Spend as much time as possible doing things you like.
This will help you recharge your batteries and remind you of the good things in your life. Try not to talk about your narcissist ex and the divorce to much when you are with friends. If you are not coping with the divorce, seek a therapy or counseling.
8. Keep the Records of Relevant Documents
Make sure that you document everything divorce related. A narcissist may have tendency not to tell the truth. That’s why is very important that you make copies of all the important documents and relevant correspondence.
In addition, don’t have a conversation with your narcissist ex anywhere other than in writing. Otherwise, she/he will turn your words upside down in front of the judge. Keeping a record of the important documentation and communication is the only way to ensure fair play during the divorce process.
9. Don’t Expect Your Narcissist Ex’s Cooperation
Don’t expect your ex-spouse to co-parent. Maintain your boundaries firm and clear. Do not let your narcissist ex to manipulate you by saying how much he misses you and the kids and wants to spend holidays or birthdays together.
Keep your life completely separate from your ex’s and organize family celebrations separately. Make sure that your children feel supported and loved when they are with you.
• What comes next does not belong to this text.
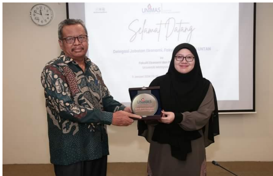
Gambar 3. Dokumentasi Kegiatan

Also, don’t expect your ex to be cooperative during the divorce process. Remember, a narcissists believes that he is above the law and feels that the rules don’t apply to him. As always, your narcissist ex-partner will probably feel entitled to bully, control or manipulate you during the divorce procedure. Remember, they always perceive themselves as victims.
During the divorce process, your narcissist ex may refuse to negotiate, provide important documentation or may disobey court orders. Be prepared for this so you don’t lose your nerves during the course of the divorce.
10. Hire a Good Divorce Attorney
Make sure you find an experienced family or marriage lawyer who knows how to handle the uniqueness of your situation. A top-notch one who will not respond to your ex’s drama or advise you to defend yourself from the narcissist’s allegations.
Also, you want to make sure that you choose a lawyer who will get a fair settlement for you and your children. So, look for the attorneys with good references, make a list and hire the one you feel is the best fit for your situation.
Divorce is a harsh experience in itself. Having an ex that is a narcissist makes it a thousand times harder. You need to gather your strengths. Use the support system. Find an experienced therapist or marriage counselor. It will be over eventually. However, you want to make sure to get there sane.